▸ Task details:
Output exactly, in the material below, the lines from the one with "DENN OVOMALTINE STÄRKT" through the one with "L'équipe gagnante (compétition)". Omit all pictures.
══════
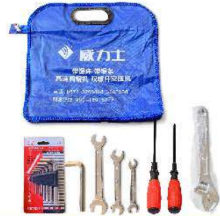
随机工具一套 Tools (1SET)
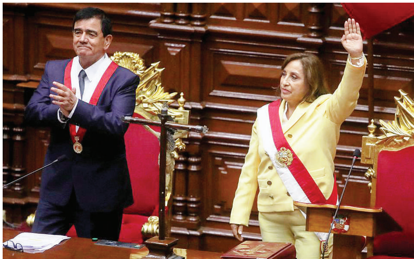
Aliyekuwa Makamu wa Rais wa Peru, Dina Boluarte, akiwasalimbia wabunge baada ya kuapa bungeni kuwa rais mpya wa nchi hiyo.
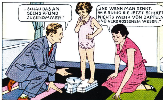
DENN OVOMALTINE STÄRKT KÖRPER UND NERVEN UND FÖRDERT DAS WACHSTUM.

Nur Ovomaltine-Erfolge schafft Ovomaltine
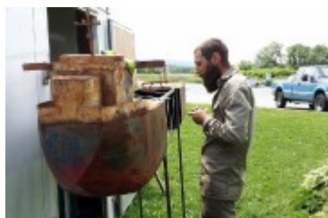
Fonderie polaire , de Mathieu Gotti, sur le site de la Maison touristique régionale du Bas- Saint-Laurent à La Pocatière.

Info : www.kamouraska.org ( http://www.kamouraska.org )
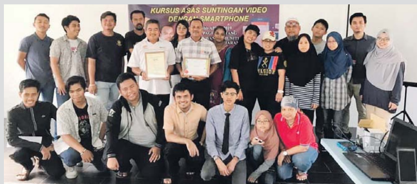
Antara yang hadir dalam kursus suntingan asas video melalui telefon pintar.

“Saya berharap golongan belia ini tidak menyalahgunakan teknologi yang ada di dalam telefon pintar, tetapi guna untuk menambah pendapatan sampingan,” katanya.
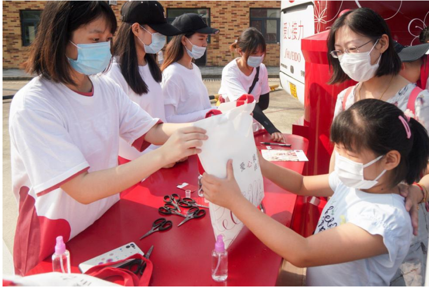
7月25日爱心亲子日活动，战疫医护家庭体验美甲服务，并领取爱心游园大礼包

在欢乐之余，资生堂也见证了许多感人的瞬间。战疫援助归来，爱心亲子日是不少医护家庭的第一次出游。虽然平时父母的陪伴少之又少，但面对镜头，孩子们还是自豪地说出：“我的妈妈是超人！”纯真的童言童语，传递的是一份深深的爱与依赖。
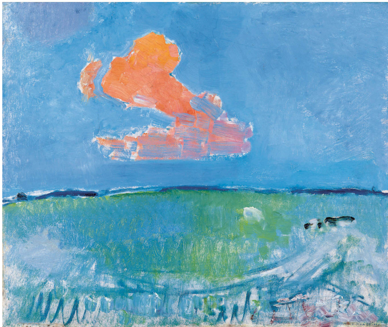
Пит Мондриан. Красное облако, 1907 г. Гаагский музей искусств, Нидерланды © 2022 Mondrian/Holtzman Trust. Фото: Musée d'Art de La Haye

После цветовых экспериментов 1907-1911 годов Мондриан, вдохновленный знакомством с кубистами в Париже, вернулся к менее ярким цветам. В его картинах этого периода преобладают серые и охристые тона, а линии приобретают все большее значение.
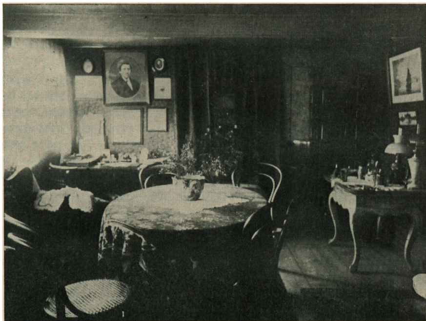
Dagligstue i Slægtsgaardens gamle Bindingsværks-Stuehus. Bemærk Loftsbjælkerne. Fotografiet er taget kort før Gaarden flyttedes ud paa Marken.

Tøjrene, saa lod de sig slæbe, indtil vi fik Benet af Tøjret igen, og det kunde vedblive at gentage sig i det uendelige. Vi trak mange Faar ad Gangen, og naar de smaa nyfødte Lam skulde med og Moderen blev borte for dem, var der en forfærdelig Brægen, indtil vi igen fik dem sammen. Senere, naar Lammene blev større, og Faarene laa ude om Natten, var der ingen Vanskeligheder af Betydning, men snart kom den Tid, hvor Lammene vilde gaa ind i Kornmarkerne, saa det blev nødvendigt at hindre dem, og dermed kom Be-
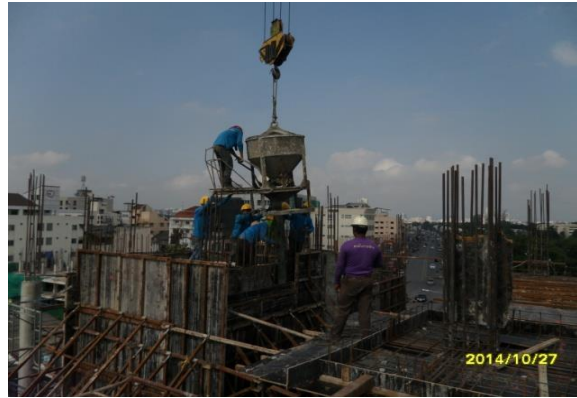
รูปที่ 4. งานเทคอนกรีตผนังลิฟต์
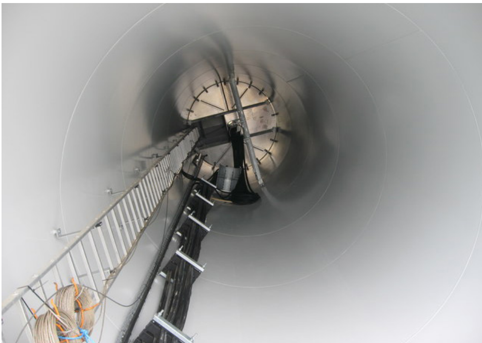
Kuva 5 Tuulivoimalan runko sisältä
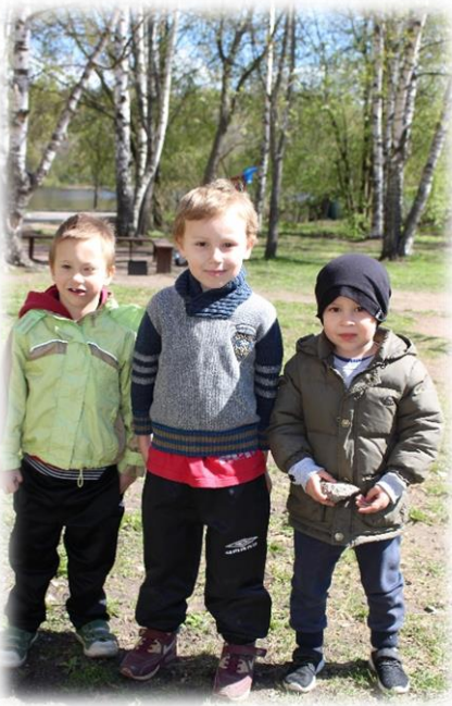
Dikonissa lapset saavat suojaa, huolenpitoa ja rakkautta.

Kummina olet korvaamaton! Kiitos Sinulle että olet mukana kummina auttamassa ja tukemassa Dikonin suojakotia, jossa apua tarvitsevat lapset ja perheet saavat apua Viipurin alueella.
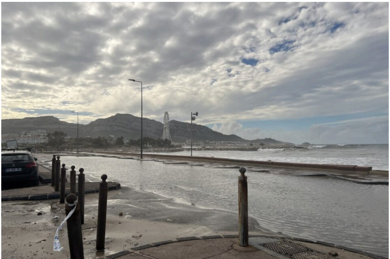
Devant la plage de l'Huveaune à Marseille, ce parking est totalement inondé.
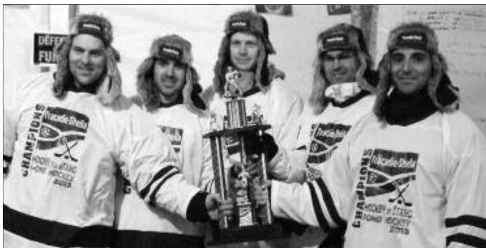
L'équipe gagnante (compétition) les Acadian Boys.

M ême si la température était froide, les participants avaient chaud à jouer au hockey sur étang à la fin de janvier. Un spectateur disait : « C'était tellement plaisant de voir toutes ces 26 équipes jouer dehors comme des enfants ».
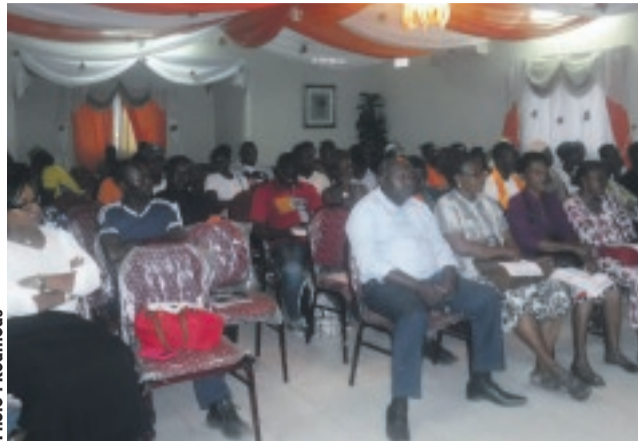
... les responsables des cellules...
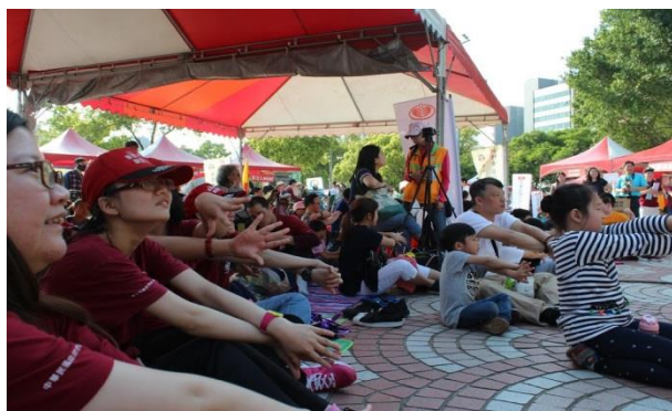
舞台表演令人看得目不轉睛
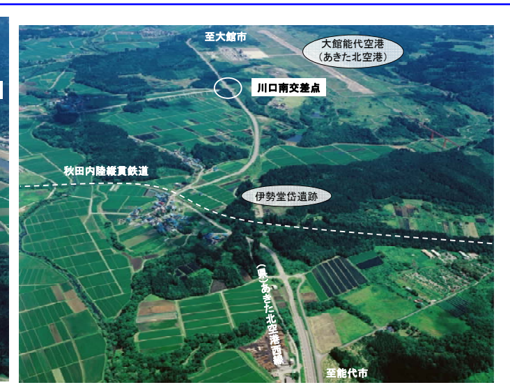
▲(県)あきた北空港西線
══════
▸ Response below:
DENN OVOMALTINE STÄRKT KÖRPER UND NERVEN UND FÖRDERT DAS WACHSTUM.

Nur Ovomaltine-Erfolge schafft Ovomaltine
Fonderie polaire , de Mathieu Gotti, sur le site de la Maison touristique régionale du Bas- Saint-Laurent à La Pocatière.

Info : www.kamouraska.org ( http://www.kamouraska.org )
Antara yang hadir dalam kursus suntingan asas video melalui telefon pintar.

“Saya berharap golongan belia ini tidak menyalahgunakan teknologi yang ada di dalam telefon pintar, tetapi guna untuk menambah pendapatan sampingan,” katanya.
7月25日爱心亲子日活动，战疫医护家庭体验美甲服务，并领取爱心游园大礼包

在欢乐之余，资生堂也见证了许多感人的瞬间。战疫援助归来，爱心亲子日是不少医护家庭的第一次出游。虽然平时父母的陪伴少之又少，但面对镜头，孩子们还是自豪地说出：“我的妈妈是超人！”纯真的童言童语，传递的是一份深深的爱与依赖。
Пит Мондриан. Красное облако, 1907 г. Гаагский музей искусств, Нидерланды © 2022 Mondrian/Holtzman Trust. Фото: Musée d'Art de La Haye

После цветовых экспериментов 1907-1911 годов Мондриан, вдохновленный знакомством с кубистами в Париже, вернулся к менее ярким цветам. В его картинах этого периода преобладают серые и охристые тона, а линии приобретают все большее значение.
Dagligstue i Slægtsgaardens gamle Bindingsværks-Stuehus. Bemærk Loftsbjælkerne. Fotografiet er taget kort før Gaarden flyttedes ud paa Marken.

Tøjrene, saa lod de sig slæbe, indtil vi fik Benet af Tøjret igen, og det kunde vedblive at gentage sig i det uendelige. Vi trak mange Faar ad Gangen, og naar de smaa nyfødte Lam skulde med og Moderen blev borte for dem, var der en forfærdelig Brægen, indtil vi igen fik dem sammen. Senere, naar Lammene blev større, og Faarene laa ude om Natten, var der ingen Vanskeligheder af Betydning, men snart kom den Tid, hvor Lammene vilde gaa ind i Kornmarkerne, saa det blev nødvendigt at hindre dem, og dermed kom Be-
รูปที่ 4. งานเทคอนกรีตผนังลิฟต์
Kuva 5 Tuulivoimalan runko sisältä
Dikonissa lapset saavat suojaa, huolenpitoa ja rakkautta.

Kummina olet korvaamaton! Kiitos Sinulle että olet mukana kummina auttamassa ja tukemassa Dikonin suojakotia, jossa apua tarvitsevat lapset ja perheet saavat apua Viipurin alueella.
Devant la plage de l'Huveaune à Marseille, ce parking est totalement inondé.
L'équipe gagnante (compétition) les Acadian Boys.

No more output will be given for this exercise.